> _Source material_:
====
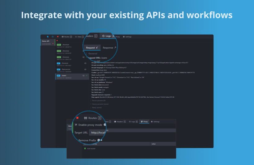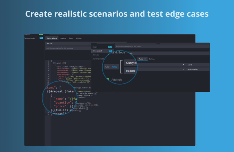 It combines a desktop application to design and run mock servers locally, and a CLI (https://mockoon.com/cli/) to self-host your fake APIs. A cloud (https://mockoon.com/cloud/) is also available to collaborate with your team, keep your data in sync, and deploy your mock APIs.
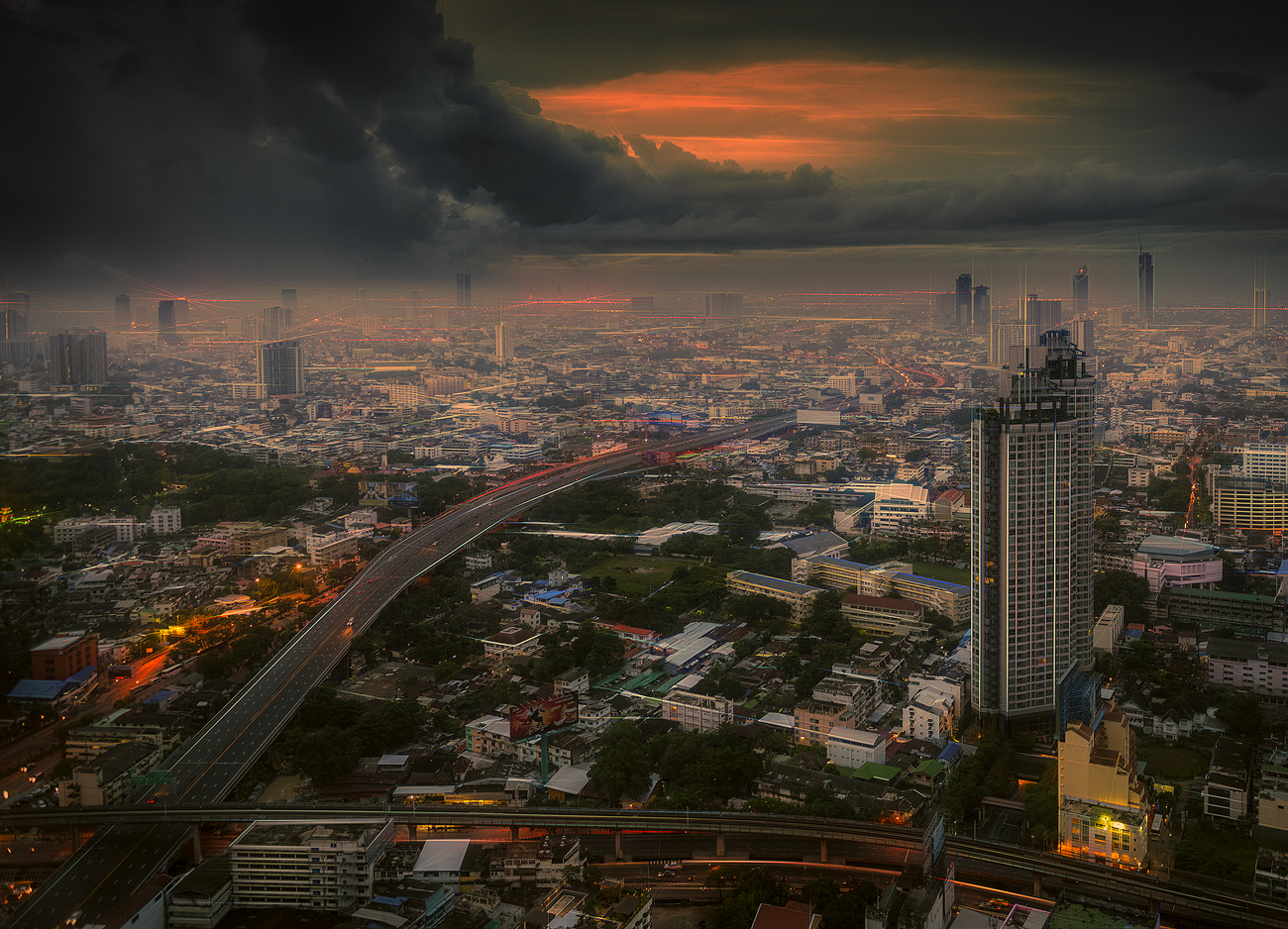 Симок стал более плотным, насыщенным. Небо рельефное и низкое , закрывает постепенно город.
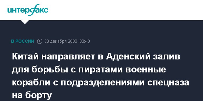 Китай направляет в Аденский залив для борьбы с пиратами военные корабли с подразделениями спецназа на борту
====
> _What needs to be done_:
Copy out the listing exactly as it stands, but not the pictures.

> _Response box_:
 It combines a desktop application to design and run mock servers locally, and a CLI (https://mockoon.com/cli/) to self-host your fake APIs. A cloud (https://mockoon.com/cloud/) is also available to collaborate with your team, keep your data in sync, and deploy your mock APIs.
 Симок стал более плотным, насыщенным. Небо рельефное и низкое , закрывает постепенно город.
 Китай направляет в Аденский залив для борьбы с пиратами военные корабли с подразделениями спецназа на борту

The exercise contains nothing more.